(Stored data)
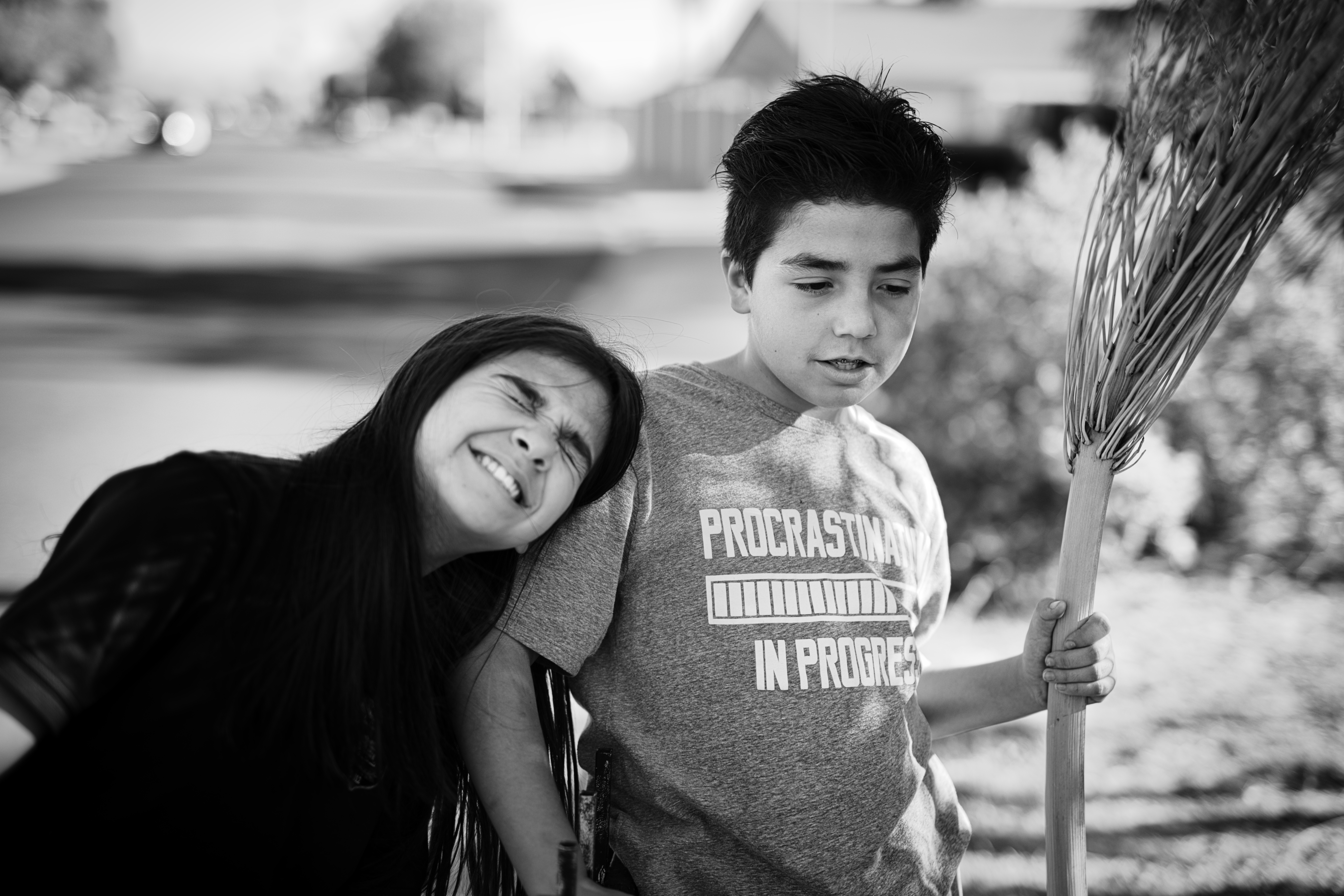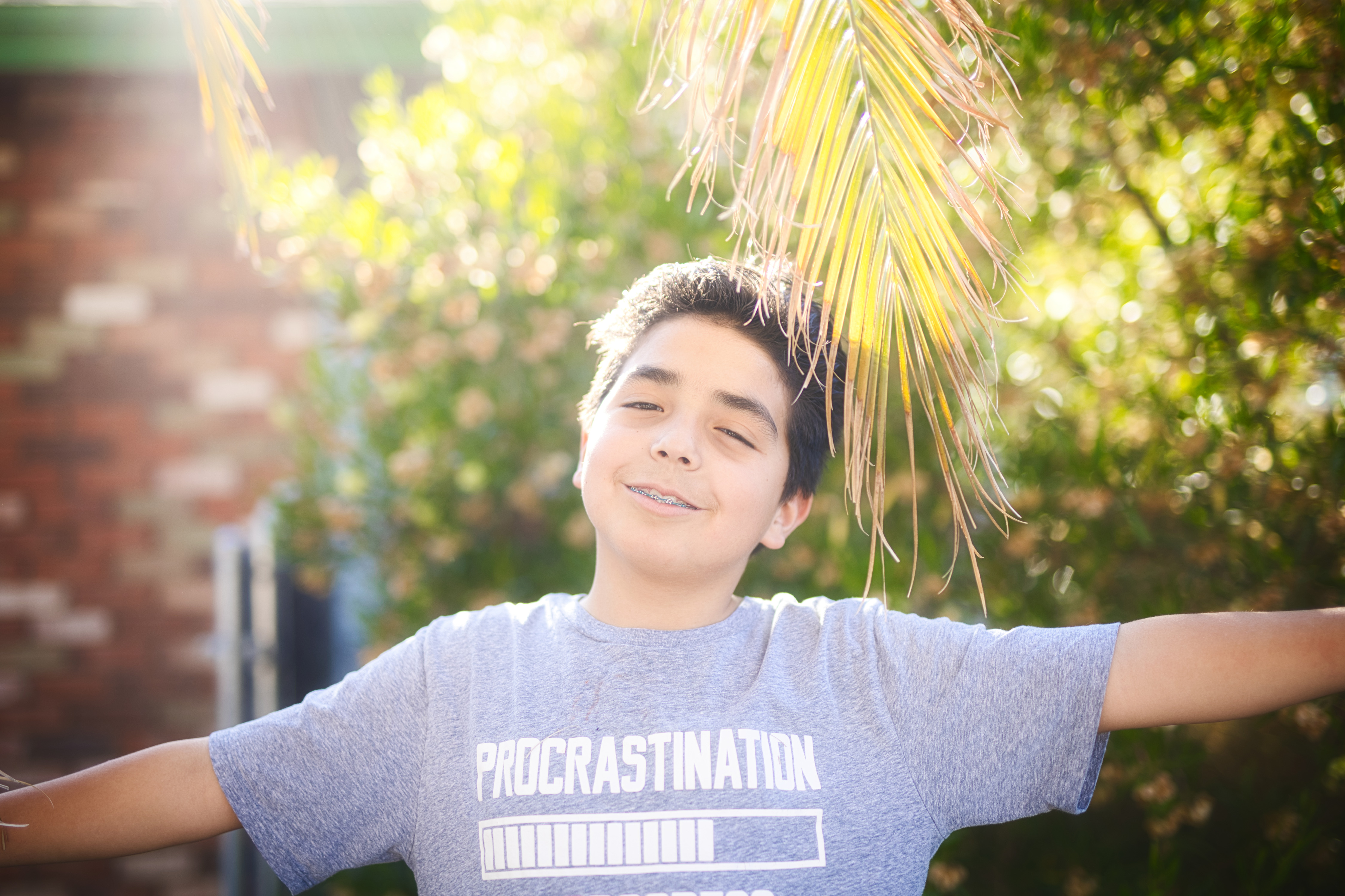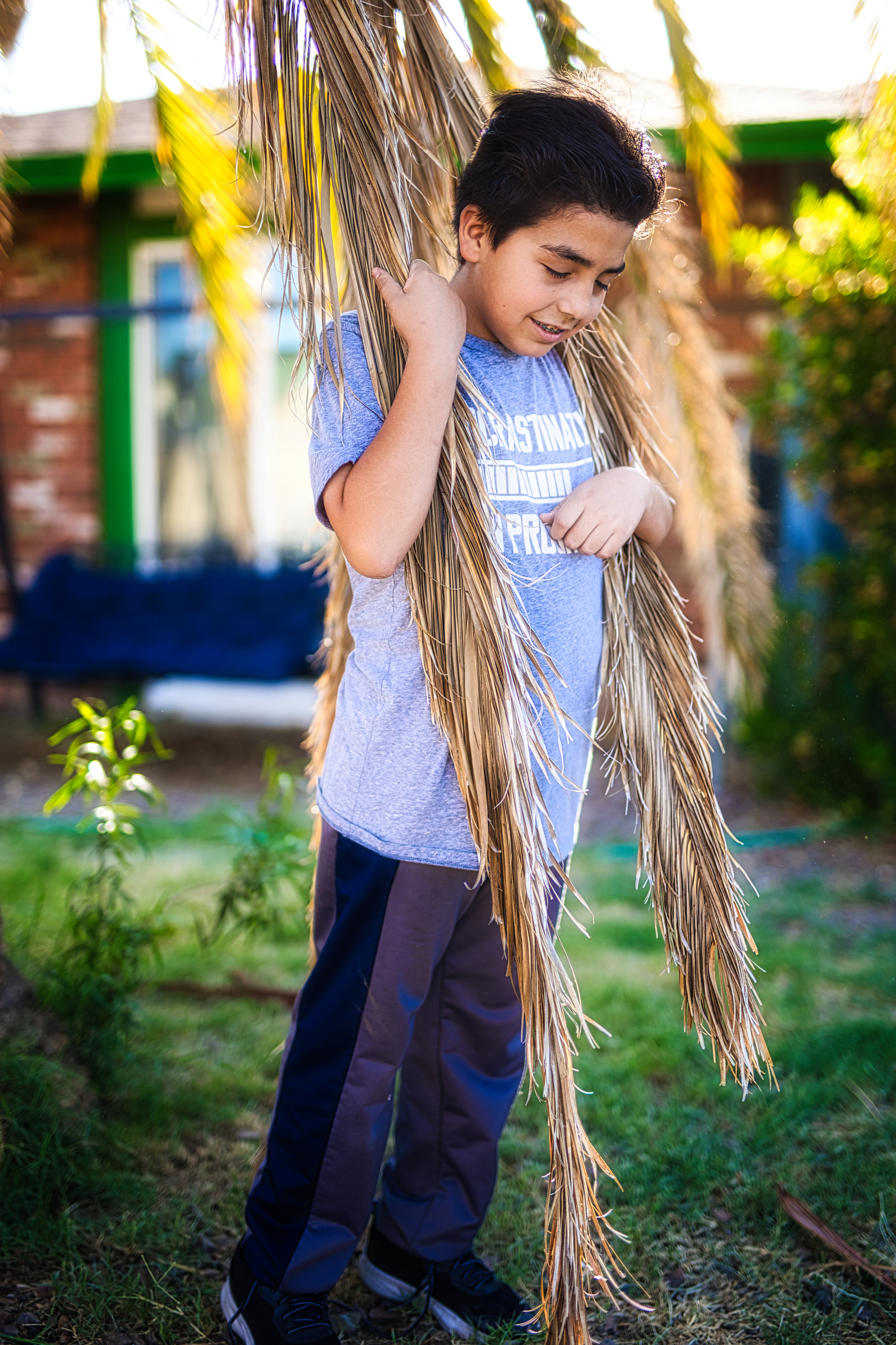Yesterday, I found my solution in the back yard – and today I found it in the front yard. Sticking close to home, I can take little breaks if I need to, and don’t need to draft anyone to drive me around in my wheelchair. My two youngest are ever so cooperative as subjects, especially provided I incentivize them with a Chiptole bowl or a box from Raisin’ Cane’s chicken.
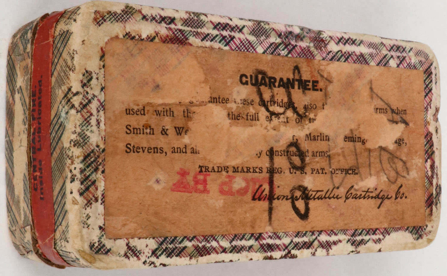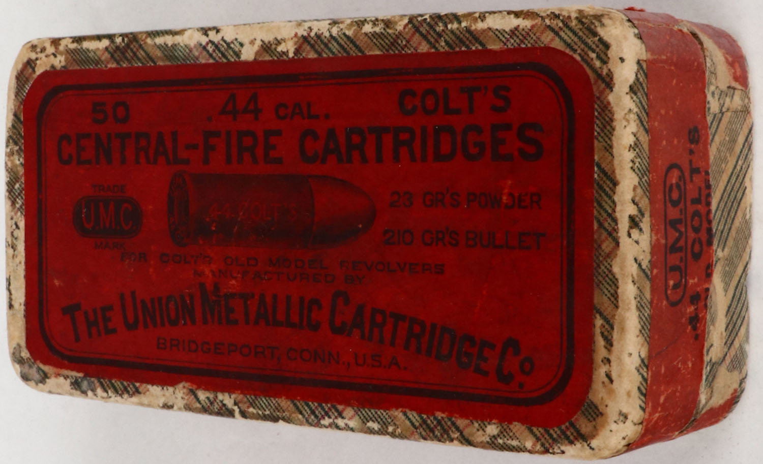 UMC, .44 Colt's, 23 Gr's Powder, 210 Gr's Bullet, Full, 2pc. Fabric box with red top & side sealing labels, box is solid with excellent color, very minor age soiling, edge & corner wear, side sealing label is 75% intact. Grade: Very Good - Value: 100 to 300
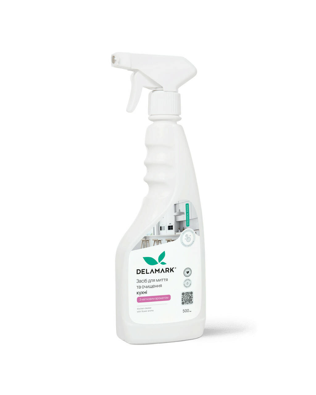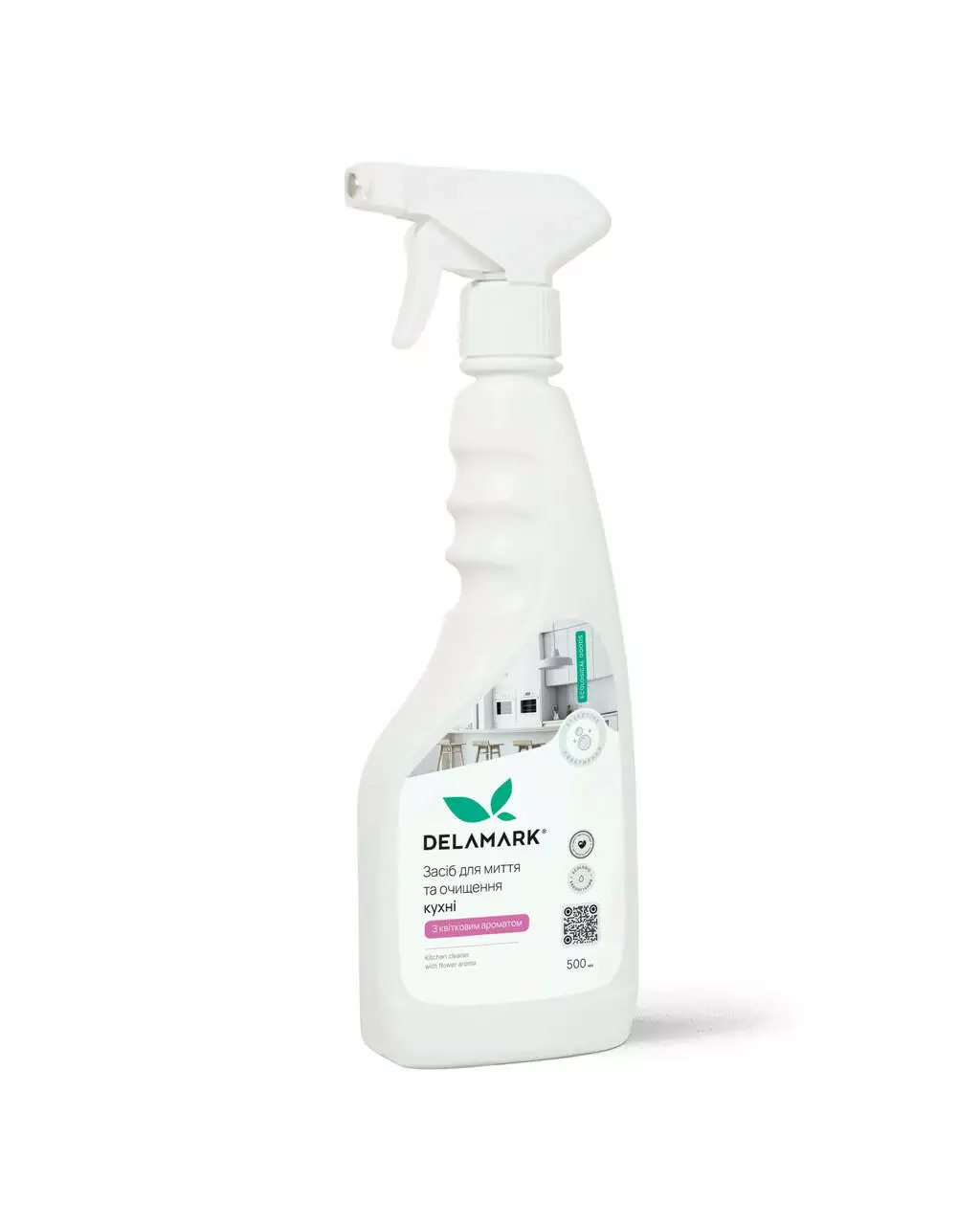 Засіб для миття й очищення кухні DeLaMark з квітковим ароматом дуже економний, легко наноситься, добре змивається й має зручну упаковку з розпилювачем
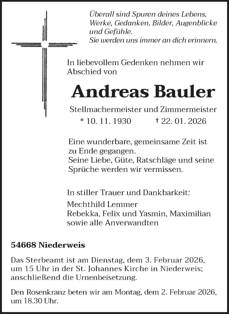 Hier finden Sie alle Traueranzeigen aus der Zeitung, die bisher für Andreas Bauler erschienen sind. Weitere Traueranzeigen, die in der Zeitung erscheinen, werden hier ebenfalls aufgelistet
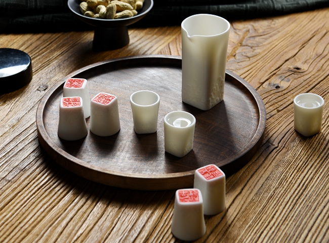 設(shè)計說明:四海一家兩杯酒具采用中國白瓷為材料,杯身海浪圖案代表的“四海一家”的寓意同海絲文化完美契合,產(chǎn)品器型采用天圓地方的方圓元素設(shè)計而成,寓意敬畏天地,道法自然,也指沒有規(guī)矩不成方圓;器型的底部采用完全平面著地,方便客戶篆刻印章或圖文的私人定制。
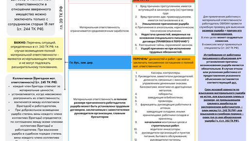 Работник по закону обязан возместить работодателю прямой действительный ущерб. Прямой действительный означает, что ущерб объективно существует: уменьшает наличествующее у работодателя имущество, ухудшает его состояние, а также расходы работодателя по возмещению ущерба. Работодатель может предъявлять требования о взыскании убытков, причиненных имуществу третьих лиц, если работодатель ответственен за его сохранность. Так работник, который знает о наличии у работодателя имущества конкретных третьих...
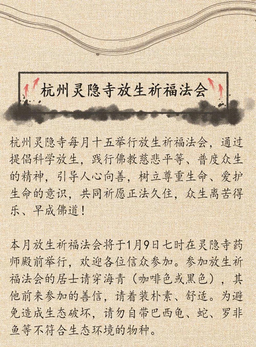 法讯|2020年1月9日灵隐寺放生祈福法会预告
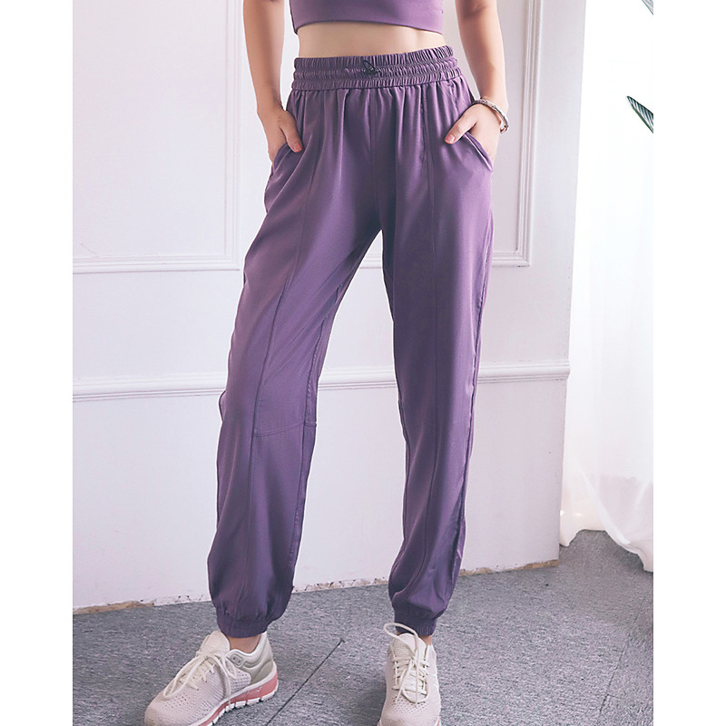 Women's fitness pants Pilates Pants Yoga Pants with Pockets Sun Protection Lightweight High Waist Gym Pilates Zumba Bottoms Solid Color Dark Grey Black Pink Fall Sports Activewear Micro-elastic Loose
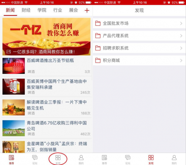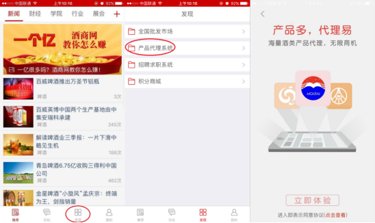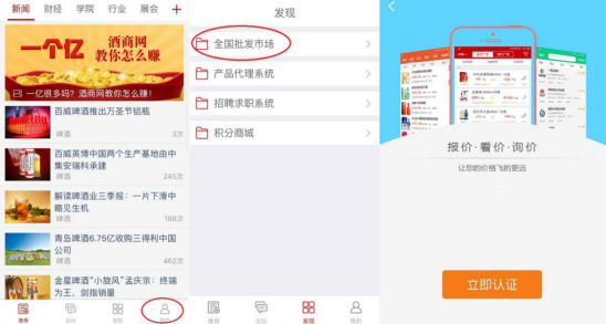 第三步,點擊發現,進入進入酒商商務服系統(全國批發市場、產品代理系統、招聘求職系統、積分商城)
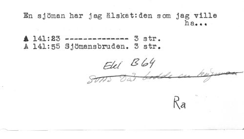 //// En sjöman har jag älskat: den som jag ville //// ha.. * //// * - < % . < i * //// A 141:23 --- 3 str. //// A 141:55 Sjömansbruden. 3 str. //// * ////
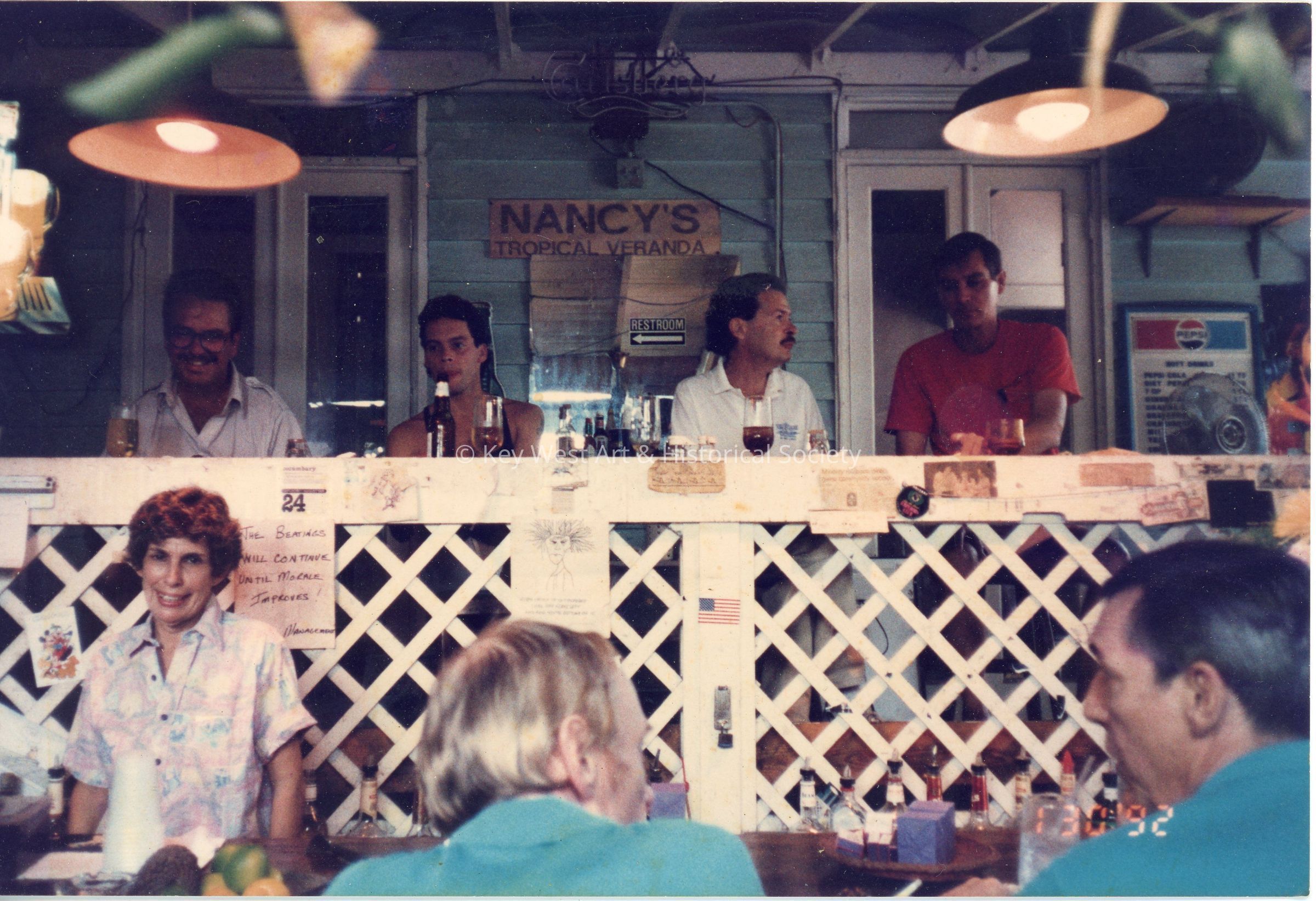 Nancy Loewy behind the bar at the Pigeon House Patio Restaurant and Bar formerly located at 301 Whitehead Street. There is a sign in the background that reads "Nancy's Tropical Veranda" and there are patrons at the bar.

» Exercise brief
Copy only what runs above from the line containing "UMC, .44 Colt's, 23" through the line containing "Засіб для миття", exactly. Leave out the pictures.

» Expected answer
 UMC, .44 Colt's, 23 Gr's Powder, 210 Gr's Bullet, Full, 2pc. Fabric box with red top & side sealing labels, box is solid with excellent color, very minor age soiling, edge & corner wear, side sealing label is 75% intact. Grade: Very Good - Value: 100 to 300
 Засіб для миття й очищення кухні DeLaMark з квітковим ароматом дуже економний, легко наноситься, добре змивається й має зручну упаковку з розпилювачем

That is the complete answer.